I'm not aware of any cases where the resumeData will be non-nil, non-NSData (if that's what you mean by what we're "losing"). Though the type check a bit paranoid, I don't necessarily object to it since we're working with an untyped dictionary.

> We should at least assert that resumeData is one of the types known today.

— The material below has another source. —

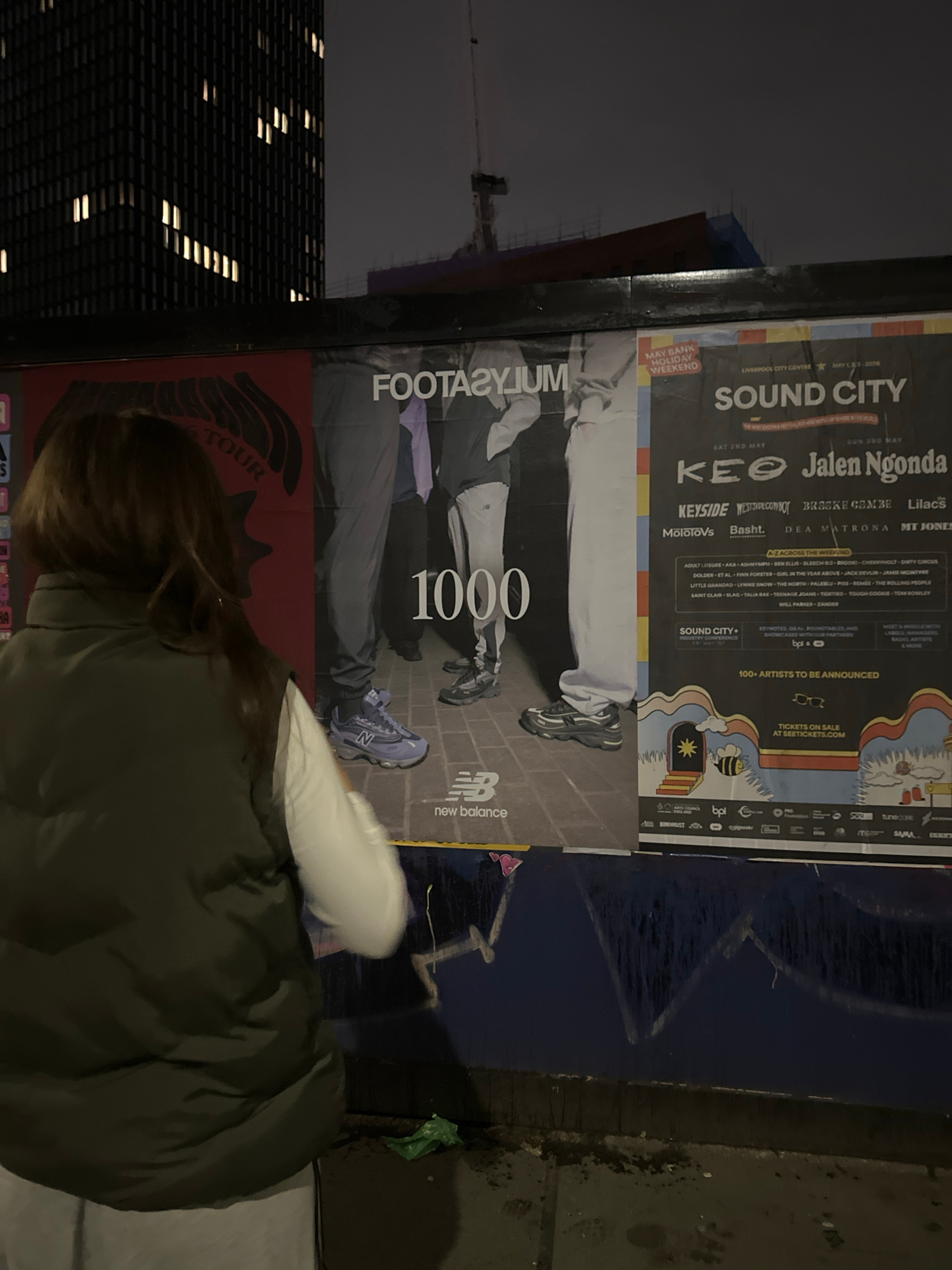 A nighttime, street-level image taken in Manchester, United Kingdom, shows a person observing a series of large promotional posters affixed to a dark blue hoarding. The individual, seen from behind,…read more
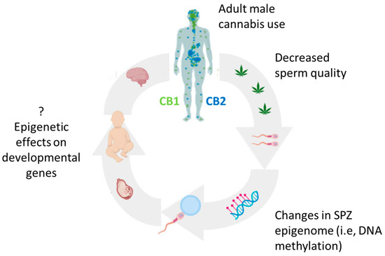 Δ9-THC exposure during pregnancy has several adverse outcomes, such as low body weight at birth [95], but also developmental and behavioral troubles particularly neurodevelopmental, musculoskeletal, and cardiovascular defects, or deregulation of innate and adaptive immune system, or congenital/teratogenic defects in children [96,97,98,99,100,101,102]; however, the ability of cannabis to heritably impact the sperm epigenome is poorly studied, but highly relevant.

Sure. I could add an ASSERT(!resumeData || [resumeData isKindOfClass:[NSData class]]) in this method, if that's what you mean.
Comment 8 David Quesada 2019-05-30 10:49:34 PDT
Created attachment 370955 [details]
Patch for landing
Comment 9 Alexey Proskuryakov 2019-05-30 10:51:26 PDT
Yes. Please consider adding release log too, so that we have a chance of knowing what's causing a problem with resuming in release builds too.
Comment 10 David Quesada 2019-05-30 11:35:54 PDT
Created attachment 370960 [details]
Patch for landing, v2

Added a release log message if the resume data is an unexpected class.
Comment 11 WebKit Commit Bot 2019-05-30 12:53:03 PDT
Comment on attachment 370960 [details]
Patch for landing, v2

Clearing flags on attachment: 370960

Committed r245901: <https://trac.webkit.org/changeset/245901>
Comment 12 WebKit Commit Bot 2019-05-30 12:53:05 PDT
All reviewed patches have been landed.  Closing bug.